The records:

┄┄┄┄┄┄

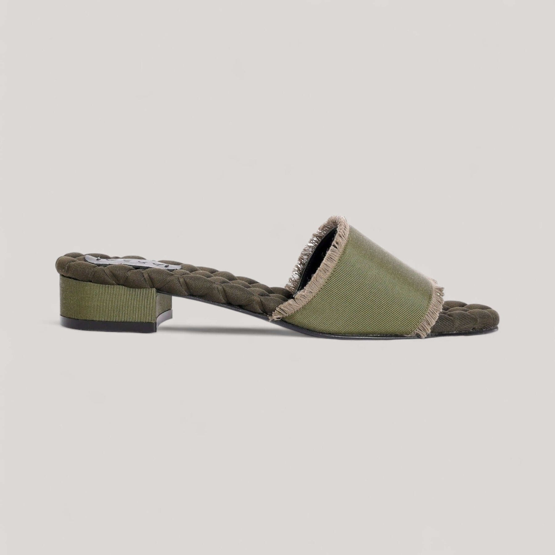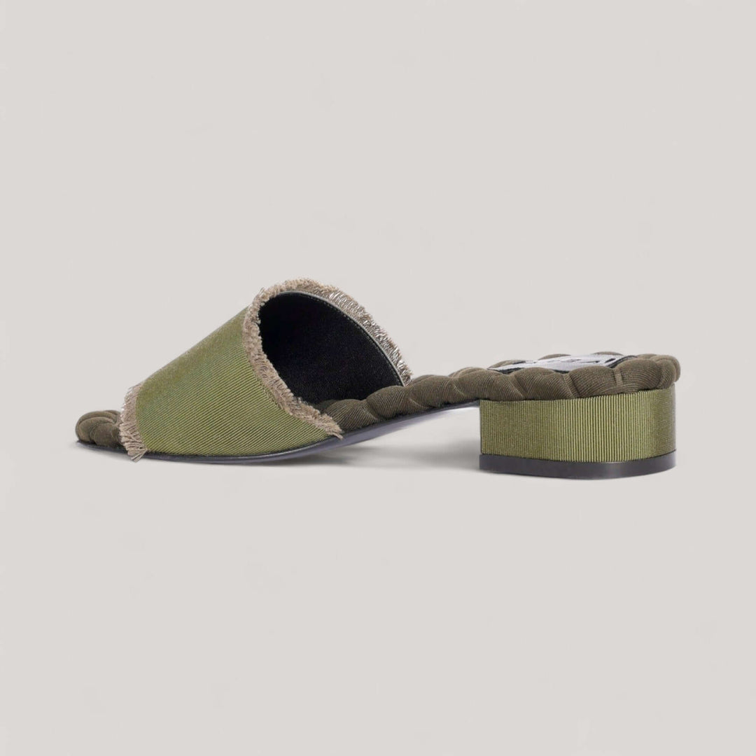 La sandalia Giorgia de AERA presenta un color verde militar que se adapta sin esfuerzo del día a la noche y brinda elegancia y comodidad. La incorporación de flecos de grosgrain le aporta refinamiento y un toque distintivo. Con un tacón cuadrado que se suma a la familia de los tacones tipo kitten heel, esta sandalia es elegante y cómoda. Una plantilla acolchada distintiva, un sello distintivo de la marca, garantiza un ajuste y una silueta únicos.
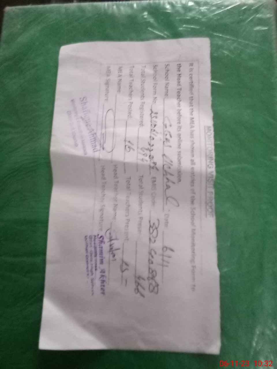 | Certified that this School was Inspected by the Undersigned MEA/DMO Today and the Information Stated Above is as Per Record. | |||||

┄┄┄┄┄┄

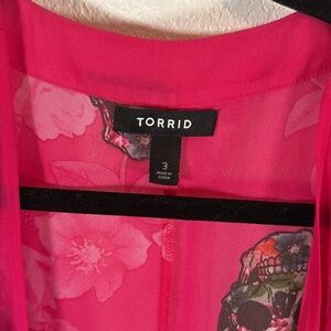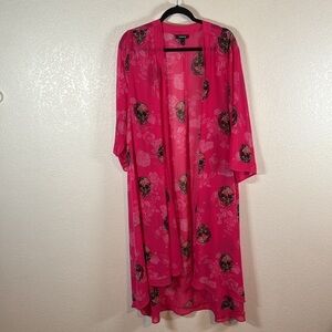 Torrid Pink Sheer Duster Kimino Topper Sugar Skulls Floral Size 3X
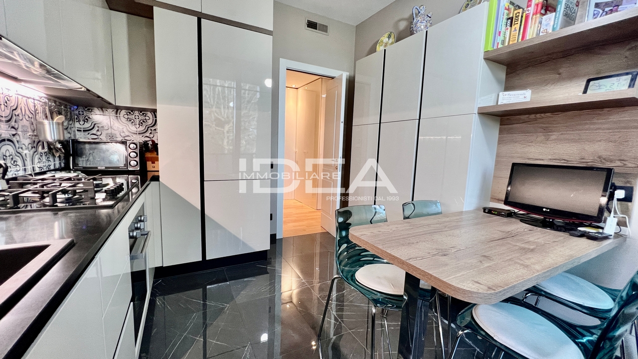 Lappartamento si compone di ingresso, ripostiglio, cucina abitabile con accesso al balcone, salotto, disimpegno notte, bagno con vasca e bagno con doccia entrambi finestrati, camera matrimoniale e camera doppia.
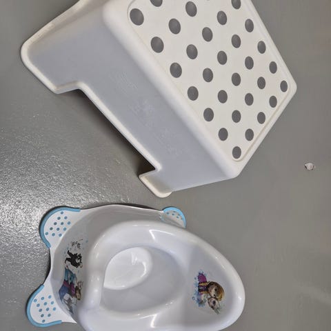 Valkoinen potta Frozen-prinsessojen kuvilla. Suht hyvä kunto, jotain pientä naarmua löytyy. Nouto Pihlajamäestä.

┄┄┄┄┄┄

Work order: Starting from the line with "Torrid Pink Sheer" in the records above, repeat each line exactly until you have written the line with "Valkoinen potta Frozen-prinsessojen", then stop; drop the pictures.

Solution to this problem:
 Torrid Pink Sheer Duster Kimino Topper Sugar Skulls Floral Size 3X
 Lappartamento si compone di ingresso, ripostiglio, cucina abitabile con accesso al balcone, salotto, disimpegno notte, bagno con vasca e bagno con doccia entrambi finestrati, camera matrimoniale e camera doppia.
 Valkoinen potta Frozen-prinsessojen kuvilla. Suht hyvä kunto, jotain pientä naarmua löytyy. Nouto Pihlajamäestä.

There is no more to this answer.